Consumer docs: GitHub Actions · npm / local
Stages
| Folder | Stage | Purpose |
|---|---|---|
| spec-generator/ | spec_generator | Request → cross-platform PRD |
| task-breakdown/ | task_breakdown | Spec → sprint-ready tasks |
| implement/ | implement | Branch, code, commit, push |
| create-pr/ | create_pr_draft + create_pr | Draft body, open PR, ensure labels, request CODEOWNERS reviewers |
| review-pr/ | review_pr | Inline review; structured verdict + deletions recommended; always COMMENT |
| test-gap-detector/ | test_gap_detector | Missing-test coverage notes on PR diffs |
| changelog-generator/ | changelog | Changelog from commits since last release tag |
| release-gate/ | release_gate | Pre-release safety check |
| claude-md-generator/ | claude_md_generator | Generate / refresh CLAUDE.md |
| pipeline/ | — | Matrix builder + summary for full-pipeline workflow |
Models per stage
| Stage | Model |
|---|---|
| triage, spec_generator, task_breakdown, implement, fix_pr_comments, claude_md_generator | claude-sonnet-4-6 |
| create_issue_draft, create_issue, create_pr_draft, create_pr, test_gap_detector, changelog | claude-haiku-4-5 |
| review_pr, release_gate | claude-opus-4-7 |
Defined in agent-utils.ts (MODEL_PER_STAGE). Override by passing model to a stage input.
Knowledge layer
Nimble conventions injected into every prompt by loadKnowledge(projectRoot).

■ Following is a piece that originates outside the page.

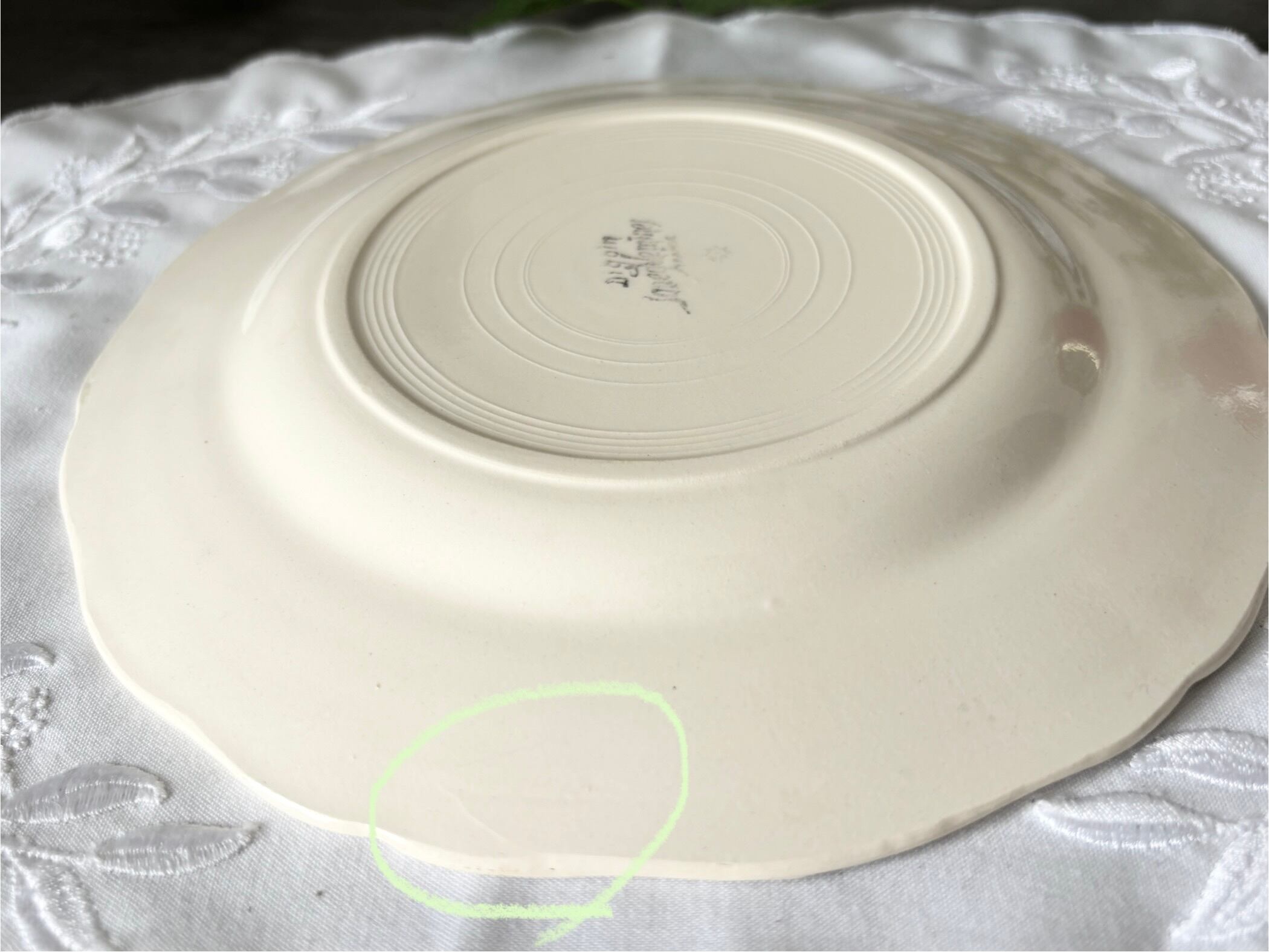 アイテムのコンディションとして、カトラリー傷が多少あり、その他に小傷が多少ございます。また、リムの端に貫入があり、横から見るとリムに僅かに擦れた様な傷がいくつかございます。裏にエナメルの不均一による高低差がある部分が認められます。掠れてはいますが、裏に刻印がございます。

SDK defaults in knowledge/shared/; projects override per-file in <repo>/.claude/knowledge/. Hard cap: 32 KB total.
| File | Purpose |
|---|---|
| git-conventions.md | Branch / commit / PR title format |
| pr-checklist.md | Definition of done for drafter + reviewer |
| issue-title-conventions.md | Issue title format |
| coding-standards.md | Implementation conventions, tests, error handling |
| security-guidelines.md | Secrets, auth, deps, logging |
Skills
Loaded from skills/ via combineSkills() in config/skills.ts.
| Skill | Stage |
|---|---|
| code-review-and-quality | review_pr |
| security-and-hardening | review_pr, release_gate |
| thermo-nuclear-code-quality-review | review_pr |
| spec-driven-development | spec_generator |
| api-and-interface-design | spec_generator |
| planning-and-task-breakdown | task_breakdown |
| incremental-implementation | implement (feature, chore) |
| test-driven-development | implement (bug, feature) |
| debugging-and-error-recovery | implement (bug) |
| shipping-and-launch | release_gate |
| documentation-and-adrs | changelog |
Shared modules
| Module | Purpose |
|---|---|
| agent-utils.ts | MODEL_PER_STAGE, modelForStage(), withModelFallback(), stage timeouts, lifecycle logging |
| knowledge.ts | Two-layer loader (SDK shared + project overrides) |
| state.ts | .claude-pipeline-state.json load/save; includes traceId; loadState() validates all required fields and throws on a corrupt file |
| git-env.ts | resolveGithubRepo, resolveBaseBranch (auto-detect from git) |
| config/client.ts | Anthropic SDK client; re-exports MODEL_PER_STAGE |
| config/skills.ts | Loads skills from skills/; skillsForWorkType per-workType composition |
| config/stacks.ts | Stack hints for implement + review_pr |
| config/cost-tracker.ts | Per-run cost logging to .observability/costs.jsonl |
| config/batch.ts | runBatchMessage() — Batch API wrapper with polling, fallback, and env-var tuning |
Environment variables
| Variable | Required | Description |
|---|---|---|
| ANTHROPIC_API_KEY | yes | Anthropic API key |
| GH_TOKEN | recommended | PAT with repo + workflow scopes for git push and gh CLI |
| LINEAR_API_KEY | no | Routes spec publishing to Linear |
| CLAUDE_SDK_DEBUG | no | Set to 1 to dump raw Anthropic SDK events to stderr |
| CLAUDE_MAX_USD_PER_STAGE | no | Global USD cap per stage. Default: see Cost & timeout gates below |
| CLAUDE_MAX_USD_<STAGE> | no | Per-stage USD override (e.g. CLAUDE_MAX_USD_IMPLEMENT=15). Wins over the global cap |
| DISABLE_BATCH_API | no | Set to true to fall back to synchronous messages.create() for changelog and test_gap_detector |
| BATCH_POLL_INTERVAL_MS | no | Milliseconds between Batch API status checks (default 10000) |
| BATCH_MAX_ATTEMPTS | no | Max Batch API poll iterations before timing out (default 12, ~120 s) |
Cost & timeout gates
Two hard gates keep a runaway stage from burning unbounded API spend:
- Wall-clock timeout per stage —
implement30 min,review_pr/release_gate15 min, drafts 10 min. Passed torunWithTimeout()at each call site. - USD budget — every
resultmessage from the agent stream is checked againstmaxBudgetForStage(stage); the stage throws as soon astotal_cost_usdexceeds the cap.
| Stage | Default cap |
|---|---|
| implement | $10 |
| review_pr, release_gate | $5 |
| all other stages | $2 |
Override with CLAUDE_MAX_USD_<STAGE> (per stage) or CLAUDE_MAX_USD_PER_STAGE (global). The per-stage value wins.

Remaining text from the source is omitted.